Sejak awal acara, Aldo hanya bisa melihat Alia dari kejauhan. Gadis itu tampak begitu profesional dan terorganisir, mengarahkan para anggota panitia dan memastikan semuanya berjalan lancar. Aldo kagum melihatnya, tetapi juga merasa semakin kecil di hadapan gadis itu. Bagaimana mungkin dia bisa mendekatinya di tengah semua kesibukan ini?
Namun, saat jeda acara, kesempatan yang dinantikannya tiba. Alia tiba-tiba berjalan ke arah Aldo yang sedang berdiri di samping panggung, seolah-olah tak sengaja memperhatikan keberadaannya.
"Hai, Aldo, ya?" tanya Alia sambil tersenyum ramah.
Aldo terkejut. "Eh, iya. Lo… lo tahu nama gue?"
Alia tertawa kecil. "Ya, gue inget kok. Kita pernah sekelas di beberapa mata kuliah, kan?"
Aldo masih belum percaya bahwa Alia tahu namanya. Perasaan gugup langsung menghampiri, tapi ia berusaha tetap tenang. "Iya, bener. Gue nggak nyangka lo bakal inget."
"Ya, kenapa nggak? Lo kan juga mahasiswa di sini, sama kayak yang lain," jawab Alia santai. "Makasih, ya, udah bantuin di acara ini."
Kata-kata Alia yang sederhana itu tiba-tiba membuat Aldo merasa lebih nyaman. Mungkin gadis yang selama ini ia bayangkan tentang Alia sebagai sosok yang tak terjangkau terlalu berlebihan. Di balik statusnya sebagai ketua BEM dan gadis populer, Alia ternyata cukup ramah dan tidak angkuh seperti yang Aldo kira.
"Sama-sama. Gue senang bisa bantu," jawab Aldo akhirnya, mencoba tetap tenang meski hatinya masih berdebar.
Alia tersenyum lagi. "Kalau lo punya waktu lebih, gue bisa minta tolong buat beberapa hal lagi. Kita masih butuh bantuan di beberapa bagian, terutama di sesi penutupan nanti."
Aldo mengangguk cepat. "Tentu! Gue siap bantu apa aja."

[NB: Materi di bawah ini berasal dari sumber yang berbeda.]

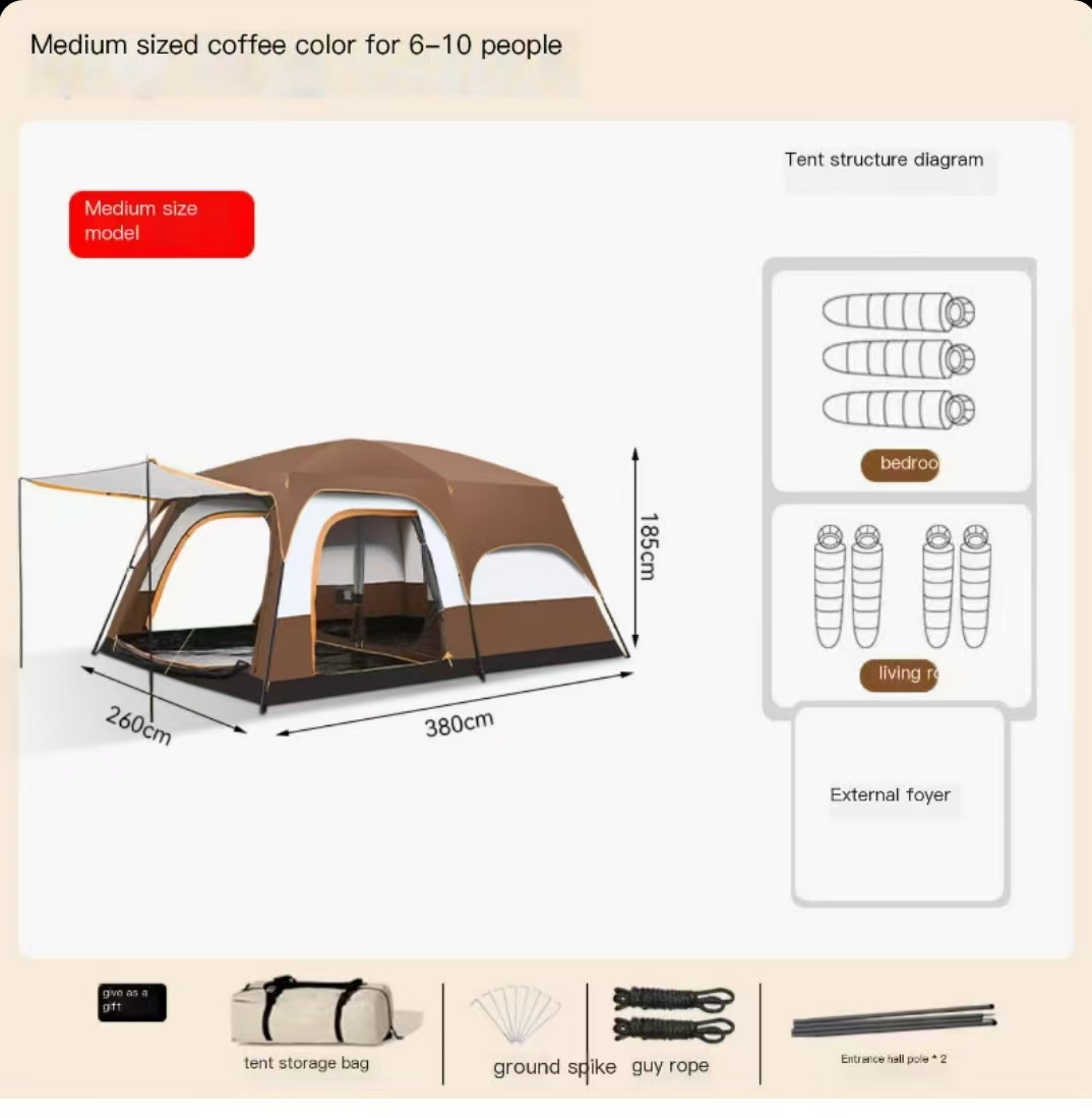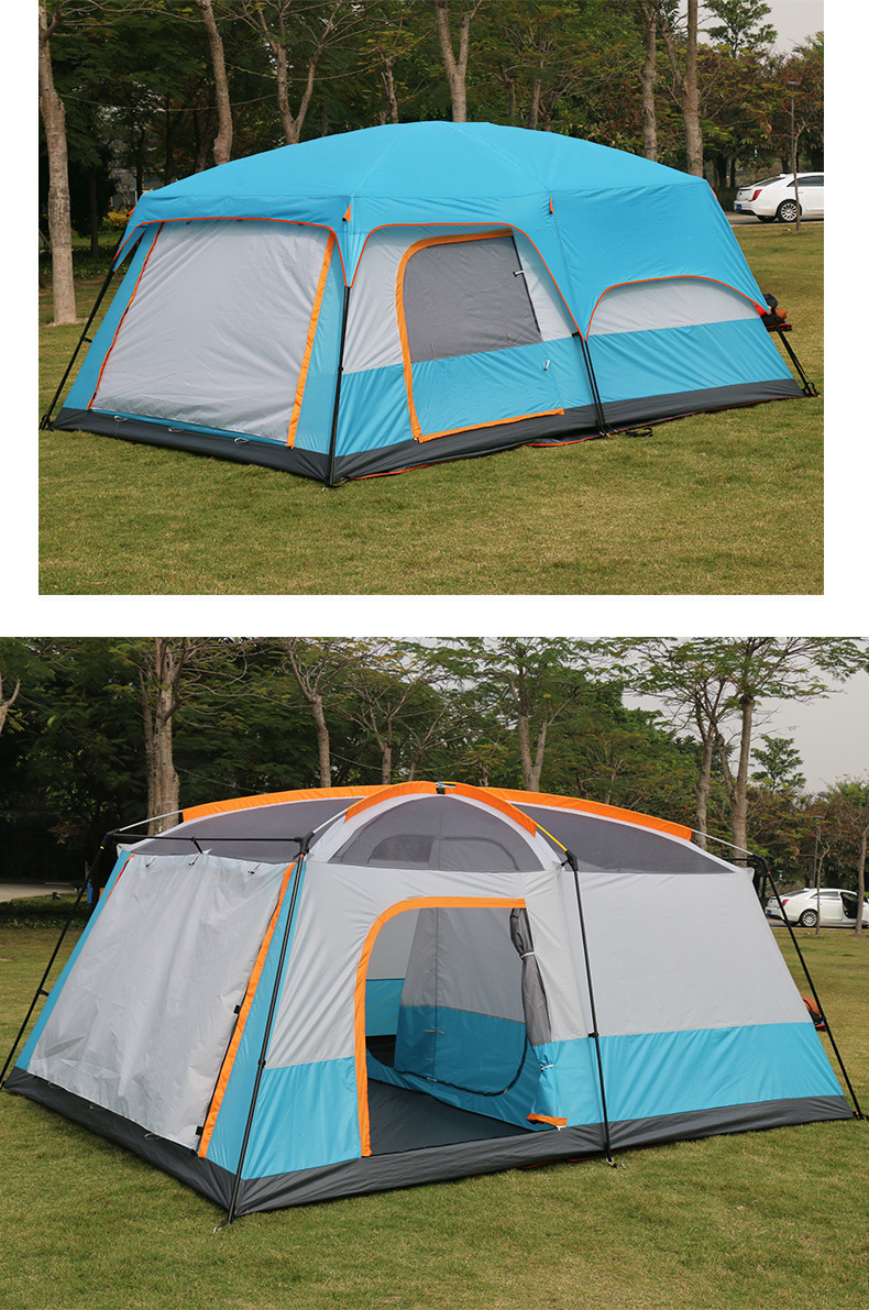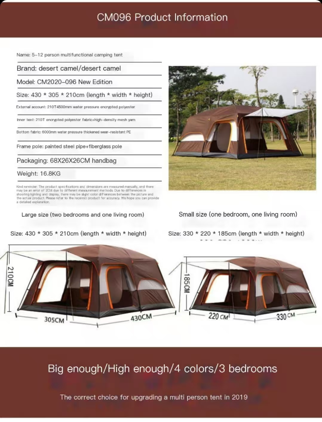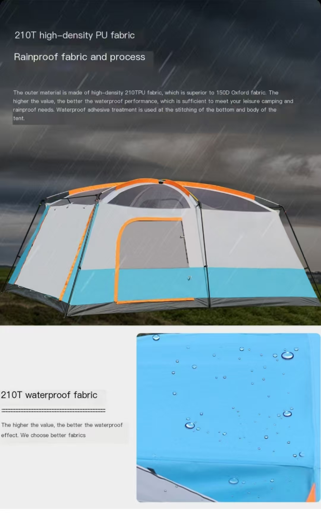 Tent Structure: Double-layer tent Outer Tent Material: Oxford cloth Tent Bottom Material: PE Pole Material: Painted steel tube, Fiberglass pole Outer Tent Waterproof Rating: Greater than 3000mm Tent Bottom Waterproof Rating: 3000mm Inner Tent Material: 210T high-density waterproof Oxford cloth 4500mm Suitable Seasons: Four-season tent Tent Dimensions When Unfolded: 430*305*210CM Colors: Khaki, Dark Green, Coffee, Orange, Sky Blue Weight: 16kg

"Great! Gue akan kasih tahu nanti, ya. Sekali lagi, terima kasih banyak, Do." Alia melambaikan tangan singkat sebelum kembali ke tengah kesibukan.
Begitu Alia menjauh, Aldo merasa seolah-olah baru saja melewati ujian berat. Meski pertemuan itu singkat, ia berhasil tidak terlihat gugup atau canggung, dan yang lebih penting, Alia tampak mengenalnya dan bahkan mengapresiasi bantuannya. Langkah pertama sudah diambil. Taruhan ini, meskipun awalnya terasa gila, kini mulai terasa lebih mungkin untuk diwujudkan.
Aldo tersenyum sendiri, membayangkan bagaimana cerita ini akan berkembang dalam beberapa minggu ke depan. Ia tahu, tantangan belum berakhir, tapi setidaknya kini ia punya sedikit kepercayaan diri untuk melangkah lebih jauh.